Data >>

----

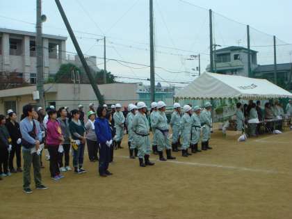 開会式の続きです。校長先生、平野区長様からのお話を聞きました。また、当日は、地域の防災リーダーの皆さん、PTAの皆さんの協力のもとに訓練を行うことができました。
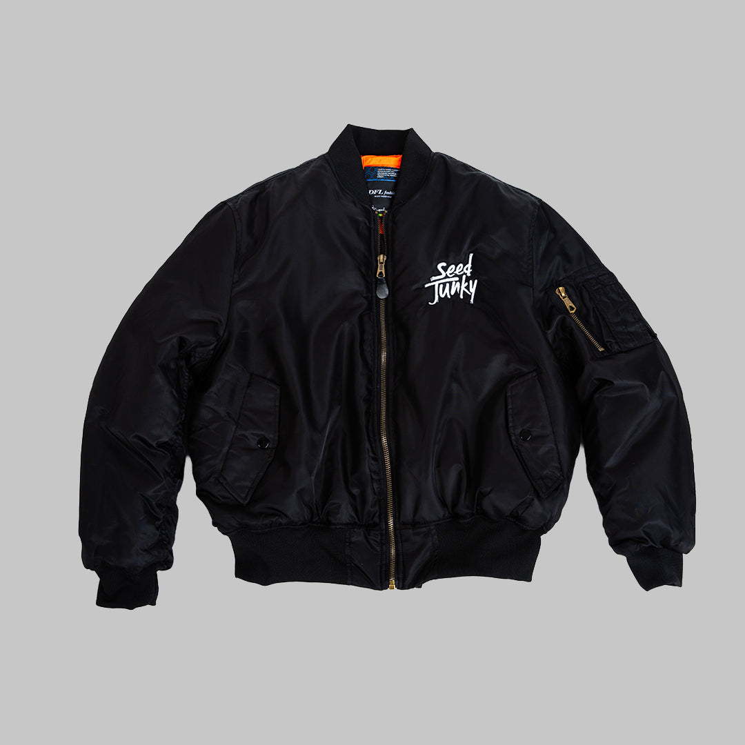 Seed Junky bomber jackets are stylish and comfortable, made from durable materials with a snug fit. They feature ribbed cuffs and hem, a sturdy zipper, and have the classic Seed Junky logo. Available in various colors, these jackets are great for casual wear and keeping warm. We recommend sizing up for the best fit.
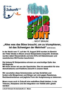In der Nacht vom 17. auf den 18. August 2018 wurden im Bereich der Filder Straße in Moers erneut Stolpersteine besprüht. Erstmals wurden dabei Häuserwände und eine KiTa mit Hakenkreuzen und rassistischen NS-Parolen beschmiert. Die bislang 92 Stolpersteine erinnern an unschuldige Opfer des NS-Regimes. Mit ihnen lernen wir aus der Geschichte. Dies ist wesentlich für eine demokratische und friedliche Zukunft in unserer Stadt.
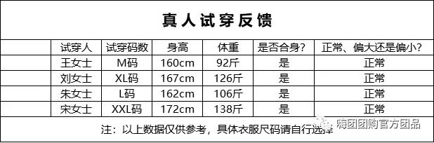试穿反馈:
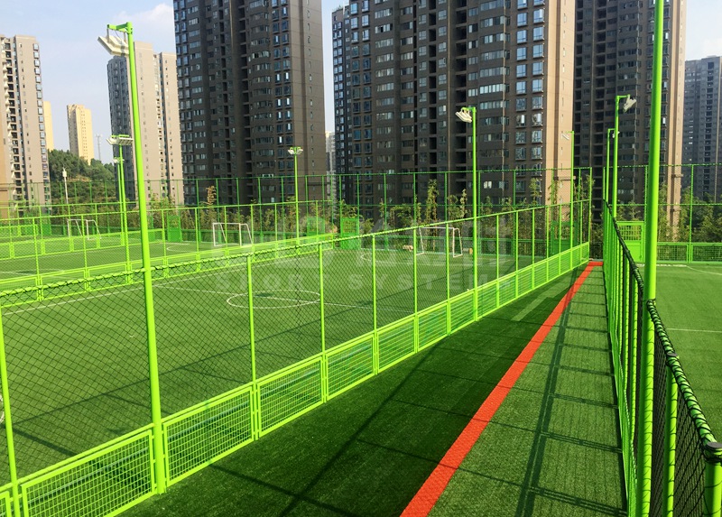 足球场是面积最大的球场之一,选择坚固、抗风、耐撞击、抗腐防锈的围网是很有必要的。而且高度方面也有要求,一般11人的足球场会选择8米高围网、7人至少是6米,5人或3人的小型足球场也至少需要4米高。材质方面一般使用经过镀锌的钢结构型材,经过镀锌后可保证钢长时间在复杂天气下不会生锈腐蚀,钢相对铝有更强的硬度、更高的承载力,这能保证大部分露天的足球场具有完美的抗风效果。结构方面考虑到足球场基本都在户外,经历多种复杂天气。选择普通的编织围网容易造成使用后出现围网起鼓、变形、开裂的现象。因此,足球场围围网尤其是下围挡部分建议使用出厂便预制好的钢结构框架。例如波浪网框架或双夹丝网。
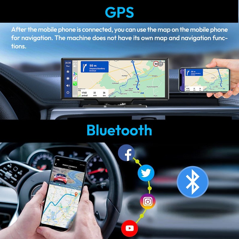 【Extender Function】Other function you may need: mirrork and airplay-it means the wireless carplay screen can replace your phone's view thoroughly,then your kids can watch movies or matches on Youtube or TIKTOK from a bigger and clearer 10.26 inch HD IPS Screen on long trips. Bluetooth and voice control-let you make calls hands-free,supports voice control via siri or google assistant. GPS Navigation-you can navigate through your HD car display screen after connection your phone.
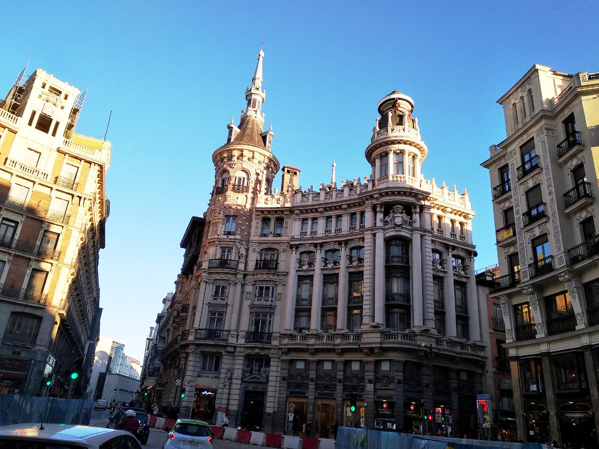 Застройка Мадрида, что сразу бросается в глаза, настолько спокойная, продуманная и гармоничная, что каких-либо резких, архитектурных доминант в ней не выявляется. Ничто здесь не рвется в небо, не спорит друг с другом и каких-то уникальных маст-хэф объектов здесь собственно то и нет. Это и позволило нам с чистой совестью заняться самым любимым делом — мы совершенно непринужденно болтались по бесчисленным улочкам города, впитывая его атмосферу и рассматривали все эти восхитительные архитектурные излишества и детали, которые делают каждое здание уникальным.
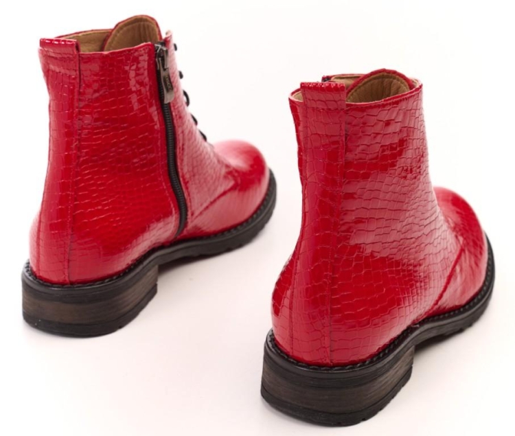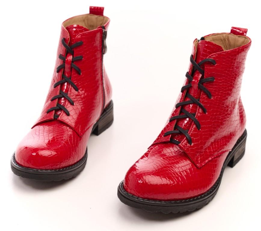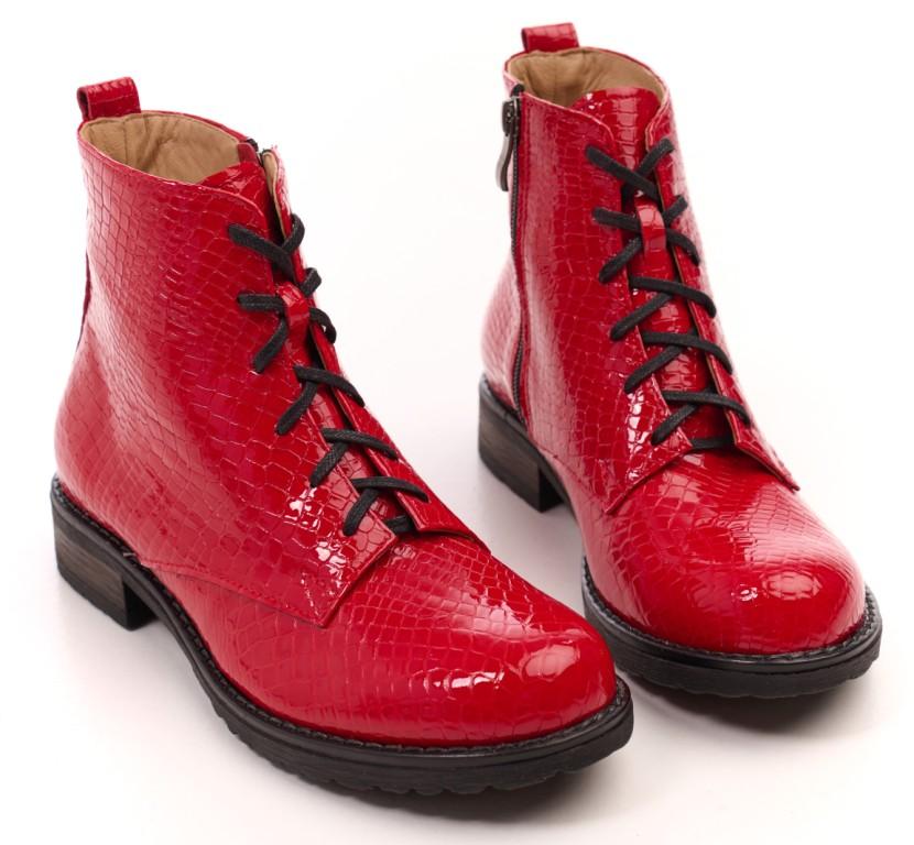 Eleganckie botki skórzane z naturalnej skóry lakierowanej o fakturze skóry krokodyla.

----

Aim of the task >> Print the part of the listing above that opens with the line containing "足球场是面积最大的球场之一,选择坚固、抗" and closes with the line containing "connection your phone.". Copy it exactly, both ends included, and omit the pictures.

Solution to this task >>
 足球场是面积最大的球场之一,选择坚固、抗风、耐撞击、抗腐防锈的围网是很有必要的。而且高度方面也有要求,一般11人的足球场会选择8米高围网、7人至少是6米,5人或3人的小型足球场也至少需要4米高。材质方面一般使用经过镀锌的钢结构型材,经过镀锌后可保证钢长时间在复杂天气下不会生锈腐蚀,钢相对铝有更强的硬度、更高的承载力,这能保证大部分露天的足球场具有完美的抗风效果。结构方面考虑到足球场基本都在户外,经历多种复杂天气。选择普通的编织围网容易造成使用后出现围网起鼓、变形、开裂的现象。因此,足球场围围网尤其是下围挡部分建议使用出厂便预制好的钢结构框架。例如波浪网框架或双夹丝网。
 【Extender Function】Other function you may need: mirrork and airplay-it means the wireless carplay screen can replace your phone's view thoroughly,then your kids can watch movies or matches on Youtube or TIKTOK from a bigger and clearer 10.26 inch HD IPS Screen on long trips. Bluetooth and voice control-let you make calls hands-free,supports voice control via siri or google assistant. GPS Navigation-you can navigate through your HD car display screen after connection your phone.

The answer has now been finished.